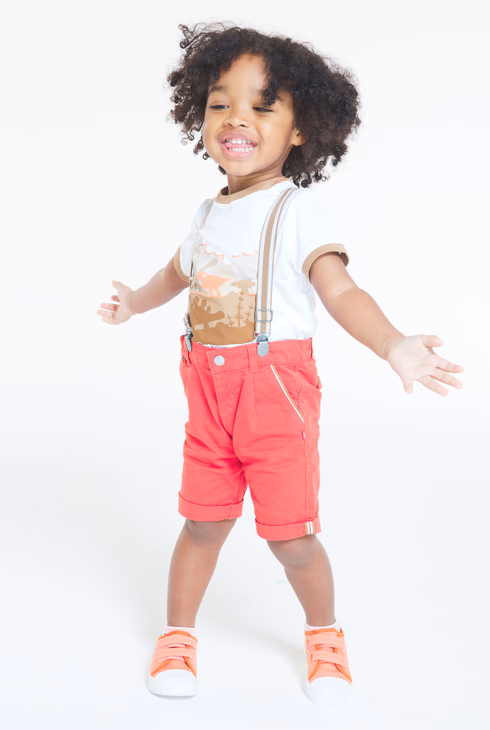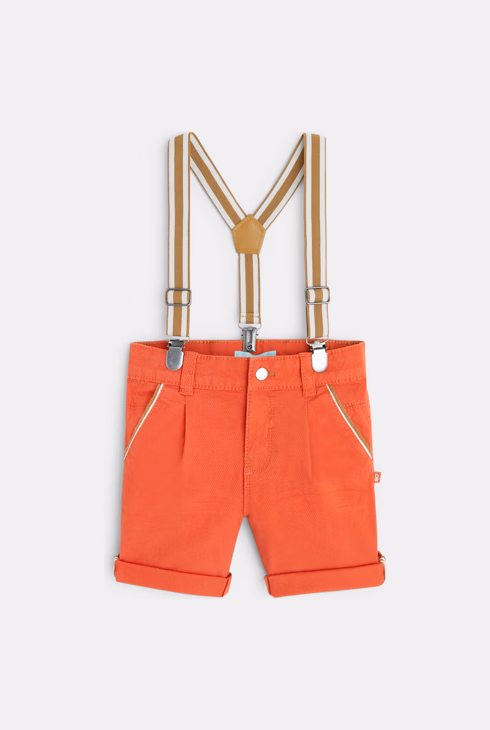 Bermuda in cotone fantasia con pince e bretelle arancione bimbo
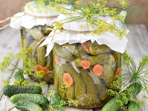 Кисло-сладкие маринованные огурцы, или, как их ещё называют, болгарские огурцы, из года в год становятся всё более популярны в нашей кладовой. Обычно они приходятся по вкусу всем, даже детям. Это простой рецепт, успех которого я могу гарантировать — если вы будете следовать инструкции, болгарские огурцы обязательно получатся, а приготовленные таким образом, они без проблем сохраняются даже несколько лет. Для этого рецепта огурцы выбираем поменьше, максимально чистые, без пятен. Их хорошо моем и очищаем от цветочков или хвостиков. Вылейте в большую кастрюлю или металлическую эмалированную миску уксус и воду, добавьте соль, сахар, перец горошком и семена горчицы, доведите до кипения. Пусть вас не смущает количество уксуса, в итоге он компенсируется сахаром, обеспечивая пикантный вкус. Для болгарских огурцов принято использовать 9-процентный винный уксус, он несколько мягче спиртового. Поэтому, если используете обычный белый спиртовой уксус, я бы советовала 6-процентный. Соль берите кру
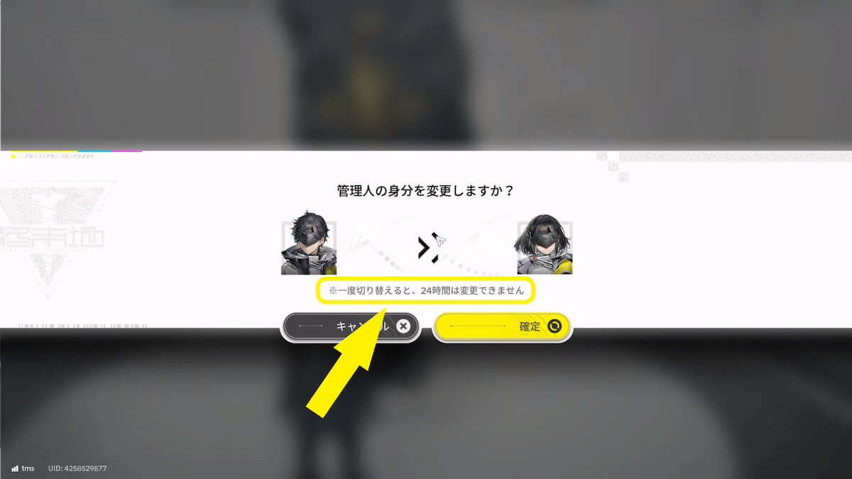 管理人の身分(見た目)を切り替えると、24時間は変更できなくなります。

---

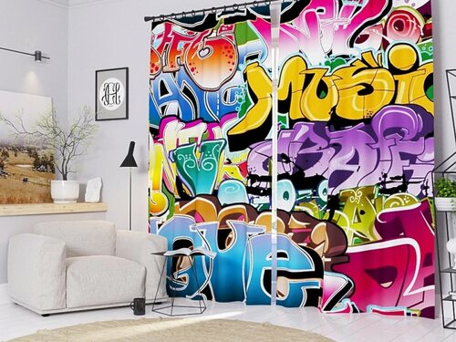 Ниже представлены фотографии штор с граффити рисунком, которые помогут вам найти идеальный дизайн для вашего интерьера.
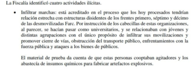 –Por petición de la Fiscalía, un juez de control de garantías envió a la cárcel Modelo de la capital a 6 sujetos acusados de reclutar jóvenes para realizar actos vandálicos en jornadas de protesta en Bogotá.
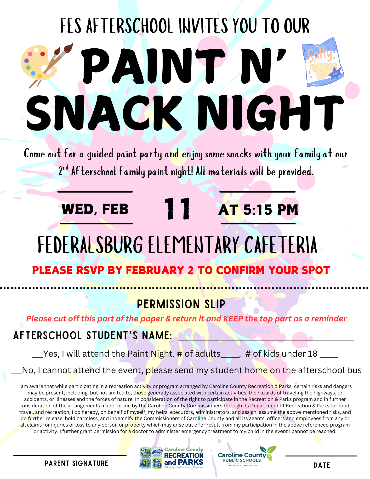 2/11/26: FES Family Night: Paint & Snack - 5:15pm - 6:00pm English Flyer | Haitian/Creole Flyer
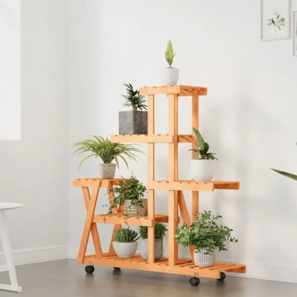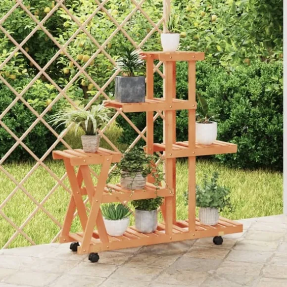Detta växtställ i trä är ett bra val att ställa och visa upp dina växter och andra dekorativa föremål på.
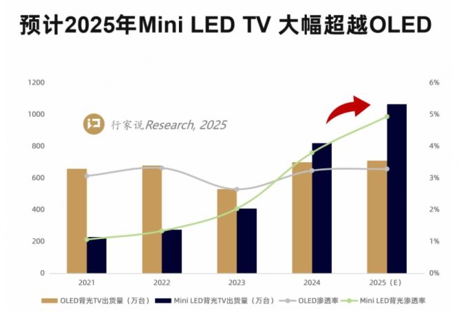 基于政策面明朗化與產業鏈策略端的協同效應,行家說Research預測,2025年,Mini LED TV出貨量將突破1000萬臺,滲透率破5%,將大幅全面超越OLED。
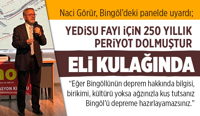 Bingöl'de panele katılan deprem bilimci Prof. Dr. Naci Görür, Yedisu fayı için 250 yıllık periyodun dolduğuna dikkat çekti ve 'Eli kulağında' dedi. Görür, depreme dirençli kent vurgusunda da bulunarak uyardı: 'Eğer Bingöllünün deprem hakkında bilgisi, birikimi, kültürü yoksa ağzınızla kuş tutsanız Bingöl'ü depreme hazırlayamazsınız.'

# TASK
Copy only these lines from the records above, exactly: the one with "protesta en Bogotá.", the one with "Bingöl'de panele katılan", and those between. Skip the pictures.

# TASK RESPONSE
 –Por petición de la Fiscalía, un juez de control de garantías envió a la cárcel Modelo de la capital a 6 sujetos acusados de reclutar jóvenes para realizar actos vandálicos en jornadas de protesta en Bogotá.
 2/11/26: FES Family Night: Paint & Snack - 5:15pm - 6:00pm English Flyer | Haitian/Creole Flyer
Detta växtställ i trä är ett bra val att ställa och visa upp dina växter och andra dekorativa föremål på.
 基于政策面明朗化與產業鏈策略端的協同效應,行家說Research預測,2025年,Mini LED TV出貨量將突破1000萬臺,滲透率破5%,將大幅全面超越OLED。
 Bingöl'de panele katılan deprem bilimci Prof. Dr. Naci Görür, Yedisu fayı için 250 yıllık periyodun dolduğuna dikkat çekti ve 'Eli kulağında' dedi. Görür, depreme dirençli kent vurgusunda da bulunarak uyardı: 'Eğer Bingöllünün deprem hakkında bilgisi, birikimi, kültürü yoksa ağzınızla kuş tutsanız Bingöl'ü depreme hazırlayamazsınız.'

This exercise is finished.